> [EXERCISE DETAILS]
In the copy you make of the entries, no picture should appear, and every word must match.

> [Stored data entries]
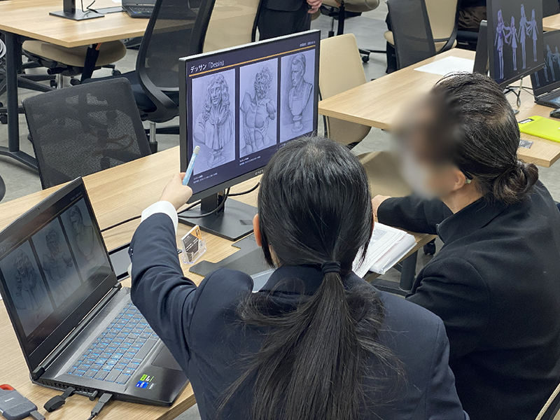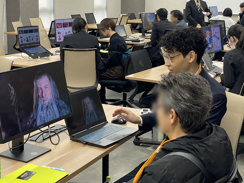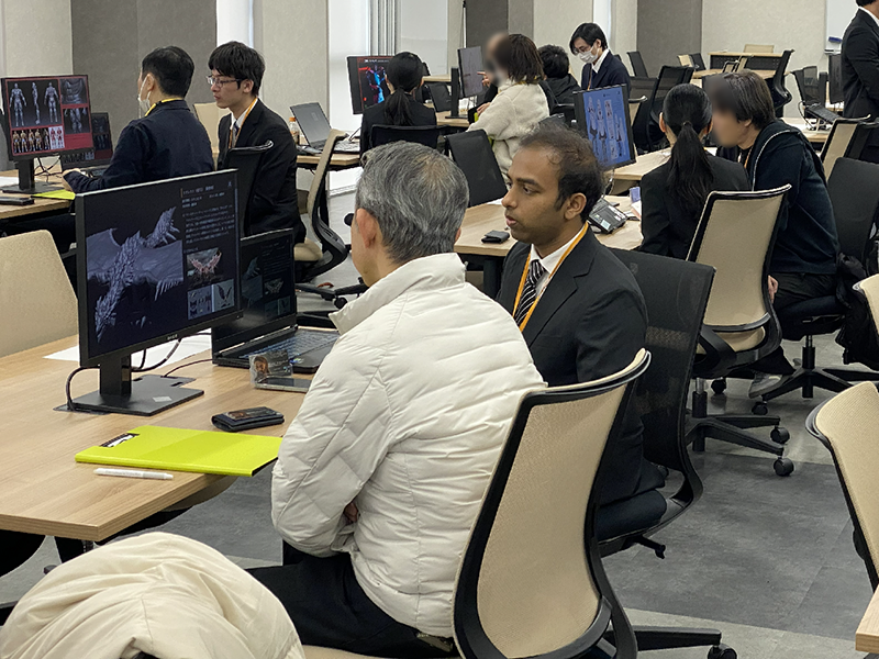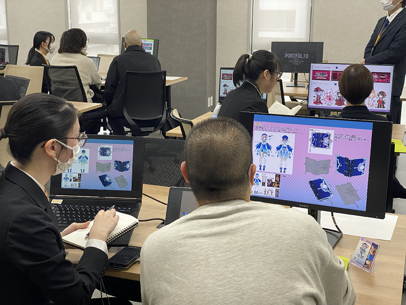 CG分野の学生たちはこれまで制作してきた作品を企業様に向けて猛アピールします!褒められて喜ぶ学生、厳しい意見と向き合ってしっかりメモを残す学生、名刺をもらう学生、ポーズの指導を受けながら企業様と同じポーズを取って体に記憶させている学生など、朝から夕方まで絶え間なく非常に盛り上がりを見せてました。
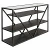 Your entry is the perfect place to showcase the Acme Furniture Justino Console Table. This half-round table features an oak top and a gray base. The lower shelf offers plenty of display space.
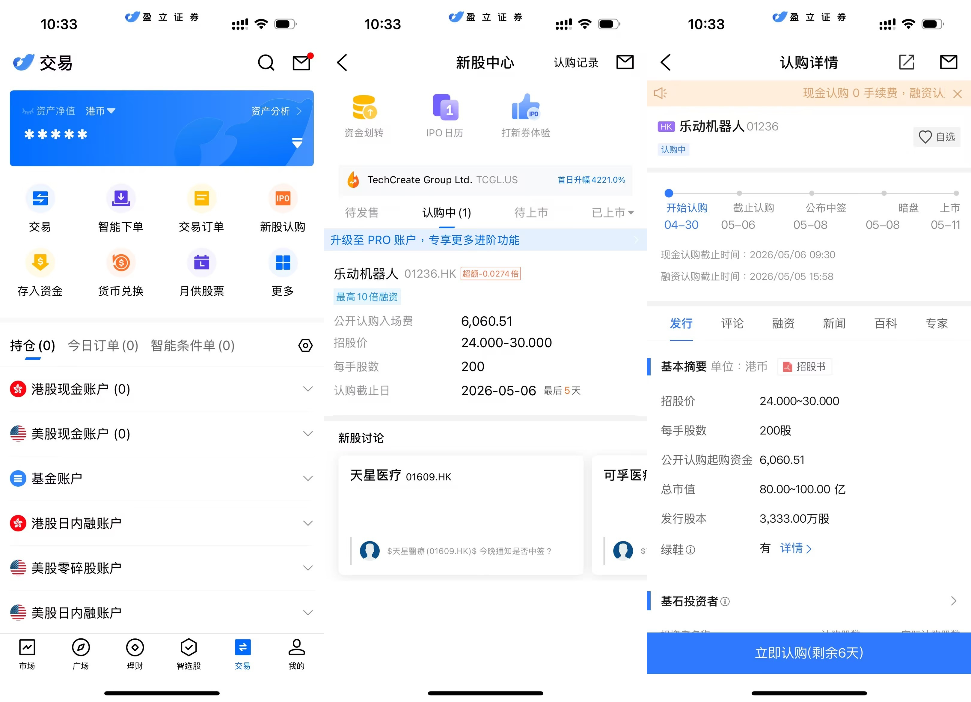 uSMART HK App 设有 IPO 中心,提供独家优惠,客户可在 App 即时认购公开发售之新股。登入 uSMART HK App 后,点选右下角「交易」,进入「新股认购」,选择乐动机器人后点击「公开认购」,填写认购数量并提交订单即可。
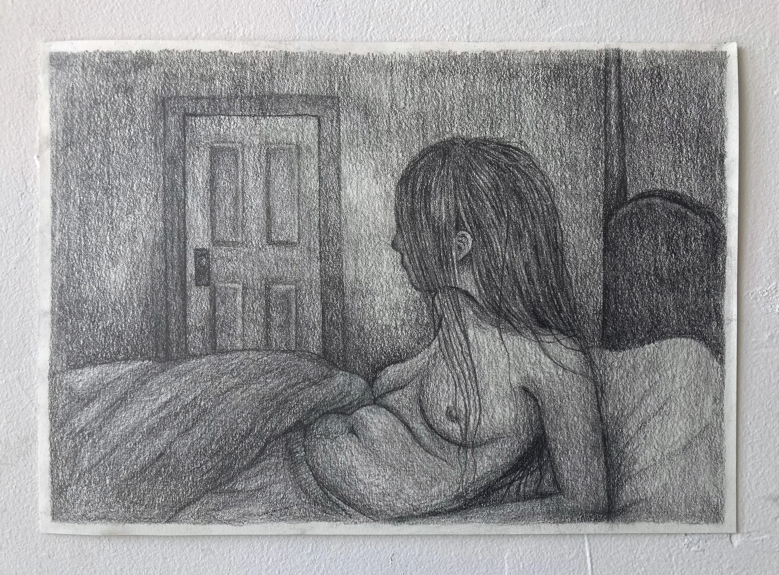 Between Sleeps, 9" x 13", Graphite on paper, 2025
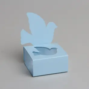 Lot de 6 boites bleu ciel avec une colombe ! Assortissez vos boites à dragées communion à votre décoration de table communion.
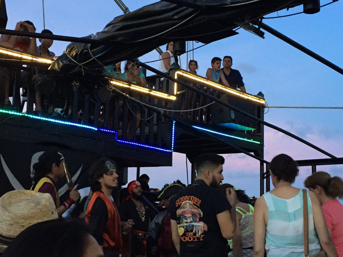 友達と2人で参加してきました。予想以上に楽しいクルーズでした。軽く海賊のショーを見てディナーを食べて終わりかな…くらいに思っていましたが、最初から最後まで内容が盛りだくさんで、退屈する時間が一瞬もありませんでした!まず、船に乗り込んで海賊たちとの写真撮影。その後は飲み放題のカクテルを楽しみました。飲み放題なので、クォリティはそこまで期待していなかったのですが、ピニャコラーダやマイアミバイスなどのフローズンカクテルなとも本格的でめちゃくちゃ美味しかったです!カクテルがなくなるタイミングを見計らってクルーの方が新しい飲み物を持ってきてくれるのも良かったです!なかなか激しい海賊のショーは子供だけでなく大人も楽しめる内容です。アジア人が私と友達しかいなかったので、ショーの進行役の海賊にかなりイジって貰えたのも楽しかったです。ショーをしっかり楽しんだ後はステーキディナー。ここでも、味は期待していなかったのですが、とんでもない‼︎ すごく柔らかくてジューシーなステーキにサイドメニューも充実していて最高のディナーでした!そして、ここからが凄かった!他の海賊船が近づいてきて、なんと、向こうサイドの海賊が私たちの船に乱入!戦いのショーも間近で見れます。もちろん、私たちの船の海賊が相手側の船に乗り込んでの戦いもありました。本格的すぎてビックリ!そこで終わるのかと思いきや、今度はまるでクラブのようなダンスタイムが!大音量のラテン音楽が流れる中、乗客が一つになって踊る感じが最高でした!子供から年配の方達までラテンのリズムに乗って踊るのに混じって、私と友達もノリノリで踊ってしまいました!たまには贅沢したいね、と友達と参加したツアーでしたが、贅沢どころか、この値段では安すぎるくらいです!盛りだくさんで大満足しました!子供だけでなく大人も楽しめるツアーなので、カンクンに旅行する方たちには本当にオススメだと思います!

> [ANSWER TO THIS TASK]
 CG分野の学生たちはこれまで制作してきた作品を企業様に向けて猛アピールします!褒められて喜ぶ学生、厳しい意見と向き合ってしっかりメモを残す学生、名刺をもらう学生、ポーズの指導を受けながら企業様と同じポーズを取って体に記憶させている学生など、朝から夕方まで絶え間なく非常に盛り上がりを見せてました。
 Your entry is the perfect place to showcase the Acme Furniture Justino Console Table. This half-round table features an oak top and a gray base. The lower shelf offers plenty of display space.
 uSMART HK App 设有 IPO 中心,提供独家优惠,客户可在 App 即时认购公开发售之新股。登入 uSMART HK App 后,点选右下角「交易」,进入「新股认购」,选择乐动机器人后点击「公开认购」,填写认购数量并提交订单即可。
 Between Sleeps, 9" x 13", Graphite on paper, 2025
 Lot de 6 boites bleu ciel avec une colombe ! Assortissez vos boites à dragées communion à votre décoration de table communion.
 友達と2人で参加してきました。予想以上に楽しいクルーズでした。軽く海賊のショーを見てディナーを食べて終わりかな…くらいに思っていましたが、最初から最後まで内容が盛りだくさんで、退屈する時間が一瞬もありませんでした!まず、船に乗り込んで海賊たちとの写真撮影。その後は飲み放題のカクテルを楽しみました。飲み放題なので、クォリティはそこまで期待していなかったのですが、ピニャコラーダやマイアミバイスなどのフローズンカクテルなとも本格的でめちゃくちゃ美味しかったです!カクテルがなくなるタイミングを見計らってクルーの方が新しい飲み物を持ってきてくれるのも良かったです!なかなか激しい海賊のショーは子供だけでなく大人も楽しめる内容です。アジア人が私と友達しかいなかったので、ショーの進行役の海賊にかなりイジって貰えたのも楽しかったです。ショーをしっかり楽しんだ後はステーキディナー。ここでも、味は期待していなかったのですが、とんでもない‼︎ すごく柔らかくてジューシーなステーキにサイドメニューも充実していて最高のディナーでした!そして、ここからが凄かった!他の海賊船が近づいてきて、なんと、向こうサイドの海賊が私たちの船に乱入!戦いのショーも間近で見れます。もちろん、私たちの船の海賊が相手側の船に乗り込んでの戦いもありました。本格的すぎてビックリ!そこで終わるのかと思いきや、今度はまるでクラブのようなダンスタイムが!大音量のラテン音楽が流れる中、乗客が一つになって踊る感じが最高でした!子供から年配の方達までラテンのリズムに乗って踊るのに混じって、私と友達もノリノリで踊ってしまいました!たまには贅沢したいね、と友達と参加したツアーでしたが、贅沢どころか、この値段では安すぎるくらいです!盛りだくさんで大満足しました!子供だけでなく大人も楽しめるツアーなので、カンクンに旅行する方たちには本当にオススメだと思います!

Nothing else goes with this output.